Spencer Reece
Two Hospice Essays: Part One, A Call

It is strange how people seem to belong to places, especially to places where they were not born.

— Christopher Isherwood, The Berlin Stories

 

“You don’t see this often,” the chaplain said to me. On my first rounds at Hospice I entered a room: a baby, born without her brain’s frontal lobes, gurgled on her mother’s chest. The baby lived with the mother for months, much longer than the doctor expected. The baby’s face grew gravely unencumbered. We prayed over that baby every day. When the baby died, words never explained it. The mother walked out of the room, her arms slackening at her sides like old latches to a door of an abandoned house.


I have decided to become a priest. No light decision. Each piece of my sentence is weighted. The wild, oval-flourish of the “I,” the firm, charged, unequivocal “decided,” the blossoming, fleshy “to become,” and finally that stern, indelible object, “a priest” — all yoked together, coming out of my hand, onto a keyboard, displayed on a screen, projected outwards, by lasers, into space. Who invests in such architecture? I hammer my antique sentence on air.

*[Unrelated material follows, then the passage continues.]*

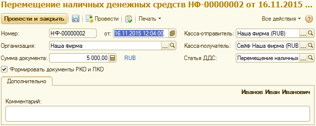 - Сумма документа - количество наличных денег, перемещаемое между кассами;
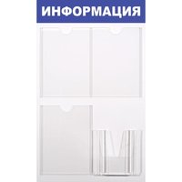 Информационный стенд настенный Attache Информация А4/А5 пластиковый белый/синий (4 отделения)

Unfortunately, sentences are no longer immortal. E-mail has wrecked the intimate tenacity of handwritten sentences. A letter, breathed on, spilled on with coffee, ink-smudged, the paper torn, words crossed out, nails time. Today e-mails disappear fast as Japanese bullet trains. When Paul wrote in his letter to the Philippians, “Let the same mind be in you that was in Christ Jesus,” his ink was concrete. I am glad that sentence was saved. Nowadays, cavalier deletions crowd us. Instant messages quicken me.


I often wonder these days if this departure from the slowly personal is affecting that fragile thing we call the spiritual world. As our glaciers melt and the lakes dry up, and Bejing’s sky is a complete ceiling of pollution so that the citizens no longer can see the moon or the stars, so too has some of the patient, ponderous care we took in communicating with each other begun to completely evaporate. Archeologists will have a harder time finding e-mails than they did the ancient Roman letter from Vindolanda.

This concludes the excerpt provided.